On the undecidability of quantum channel capacities
Archishna Bhattacharyya, Arthur Mehta, Yuming Zhao

TL;DR
This paper explores the computational complexity of quantum channel capacities, showing they are likely uncomputable or undecidable, with some capacities being QMA-hard or uncomputable.
Contribution
It formally demonstrates the hardness and potential undecidability of computing quantum channel capacities, advancing understanding of their computational limits.
Findings
Quantum capacity computation is QMA-hard.
Entanglement-assisted zero-error capacity is uncomputable.
Quantum channel capacities may be fundamentally undecidable.
Abstract
An important distinction in our understanding of capacities of classical versus quantum channels is marked by the following question: is there an algorithm which can compute (or even efficiently compute) the capacity?
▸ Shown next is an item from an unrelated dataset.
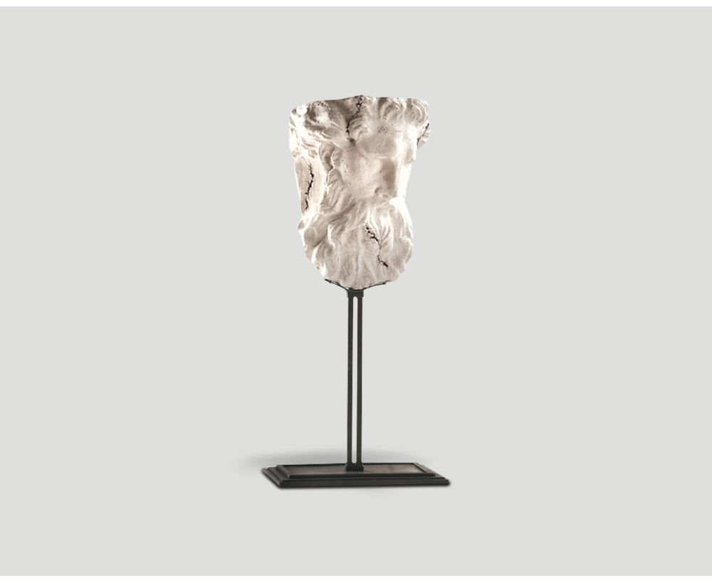 Scultura in agglomerato di travertino con supporto in metallo color Ferro Brunito
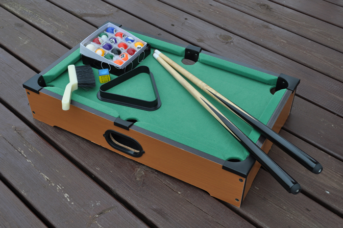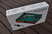 雰囲気だけは本物っぽい?ミニ・ビリヤード・ゲームです。 台、玉16個(白玉含む)、キュー2本、三角枠、チョーク、ブラシ。 台は少し汚れがあります。 台のサイズ、幅520×奥行315×高さ100mm。<ページトップへ> |

While there is overwhelming evidence suggesting that quantum channel capacities may be uncomputable, a formal proof of any such statement is elusive. We initiate the study of the hardness of computing quantum channel capacities. We show that, for a general quantum channel, it is QMA-hard to compute its quantum capacity, and that the entanglement-assisted zero-error capacity under some restrictions is uncomputable; indicative of the fact that quantum channel capacities may generally be undecidable.